Here are analysts' 4 wishes to Singapore's 2014 Budget

'Inclusive growth' will be key theme.

According to KPMG, Singapore Budget 2014 will likely incorporate many ideas from 2013’s ‘Our Singapore Conversation’, but inclusive growth must contain measures to grow the economy and groom our businesses.

As one of the pillars for future growth, opportunities for innovation remain largely untapped, even as Singapore businesses have begun to embrace increasing productivity.

Mr Tay Hong Beng, Head of Tax, KPMG in Singapore, says: “Beyond productivity, innovation is vital for Singapore’s sustained growth.

With more Singapore businesses seeking growth overseas, capitalising on regional and international opportunities will require a combination of strong local brands, and increasing leadership in innovation.”

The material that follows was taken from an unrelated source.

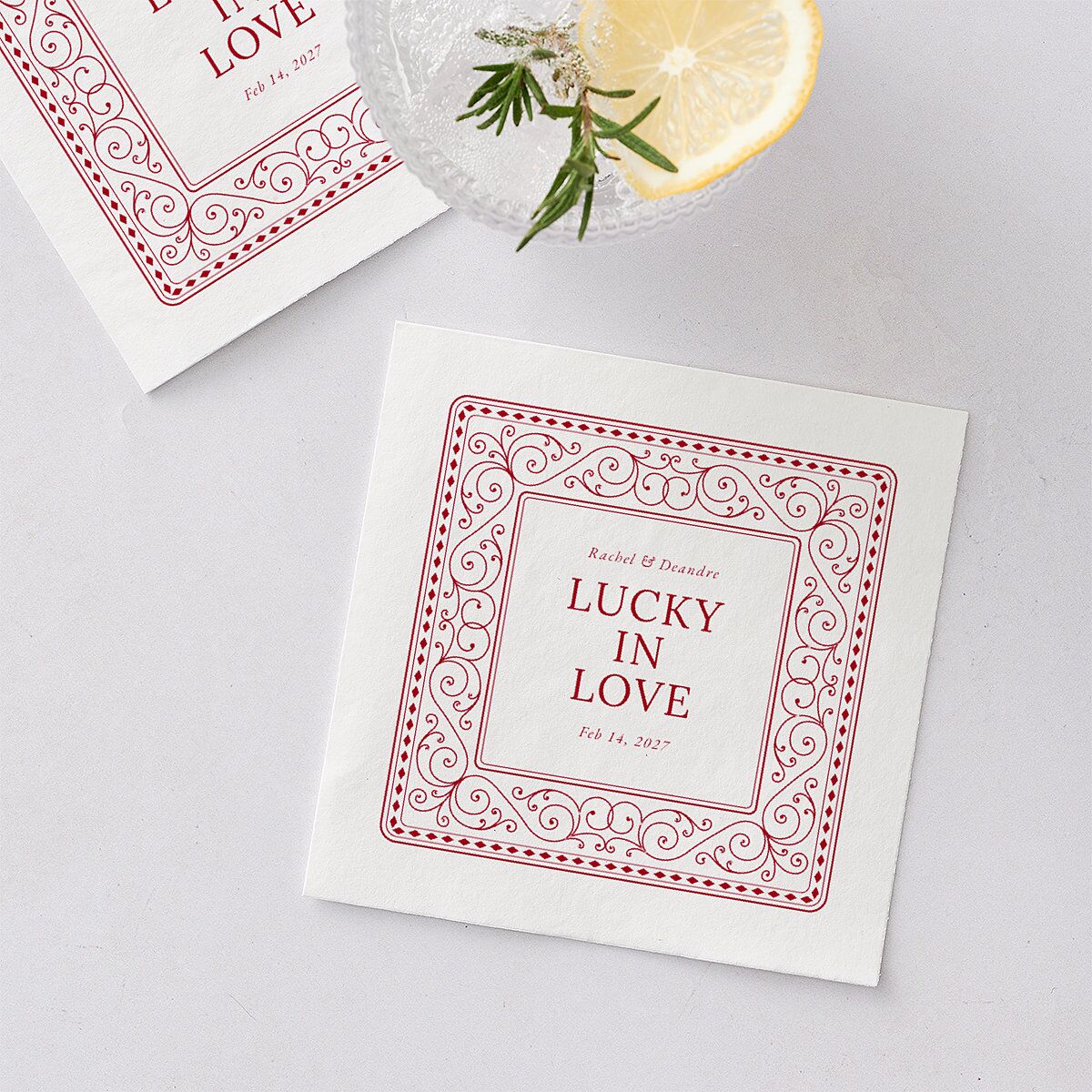 An ornate border resembling that of a playing card frames these playful cocktail napkins. Your names, followed by “lucky in love” and your wedding date appear in a charming serif typeface.

KPMG’s 2014 wishlist focuses on how the Government can help Singapore businesses pursue sustainable growth. In all, the four key themes KPMG hopes to see in Budget 2014 this year are: 1) pursuing a pan-Asian strategy; 2) enhancing productivity through innovation; 3) simplifying incentives and regulations; and 4) inclusive growth.

Tay adds: “With the implementation of the ASEAN Economic Community on the horizon, efforts to position Singapore as an attractive destination for investment must also continue. Renewed measures to build sound business infrastructure remains critical to positioning Singapore as a competitive location for international business.”

Here's more from KPMG:

I: Pursuing a pan-Asian strategy

Mr Tay says: “To enhance its relevance to global businesses, Singapore needs to reposition itself and pursue a pan-Asian strategy. It urgently needs to review its tax treaty network, benchmark its tax incentives and grants to ensure continued relevance.

Identifying and customising support schemes to entrench and grow specialised industry clusters are important. We hope to see decisive measures introduced in this Budget that help differentiate Singapore from its competitors while presenting unique propositions to global businesses.”

II: Enhancing productivity through innovation

The current drive for productivity improvements has been mostly through process and cost efficiency improvements. For sustainable, long term business performance, business investmentsshould focus on adding new value to companies.

“While process and cost review investments improve the efficiency of inputs, investments in value creation measures help drive demand for a firm’s products and services and in turn improve long-term and international competitiveness,” says Mr Tay.

III. Simplifying incentives and regulations

Boosting Singapore’s international competitiveness continues to remain highly relevant to ensure that Singapore is “top of mind” among investors. With regulatory regimes and business transactions becoming more complex, global and regional businesses appreciate business locations that have less complex business regulations and minimise tax uncertainty.

IV: Inclusive growth

Inclusive growth - to encourage rootedness in individuals, reduce the income gap and recognise new social trends – cannot be neglected.

Mr Tay adds: “In this time and age, it is crucial that we encourage the ‘rootedness’ of Singaporeans. Our suggestions this year include measures both to support the family unit and to encourage individuals to work and excel. We have also included proposals that could form part of the Pioneer Generation Package announced by the Prime Minister at the National Day Rally Speech 2013.”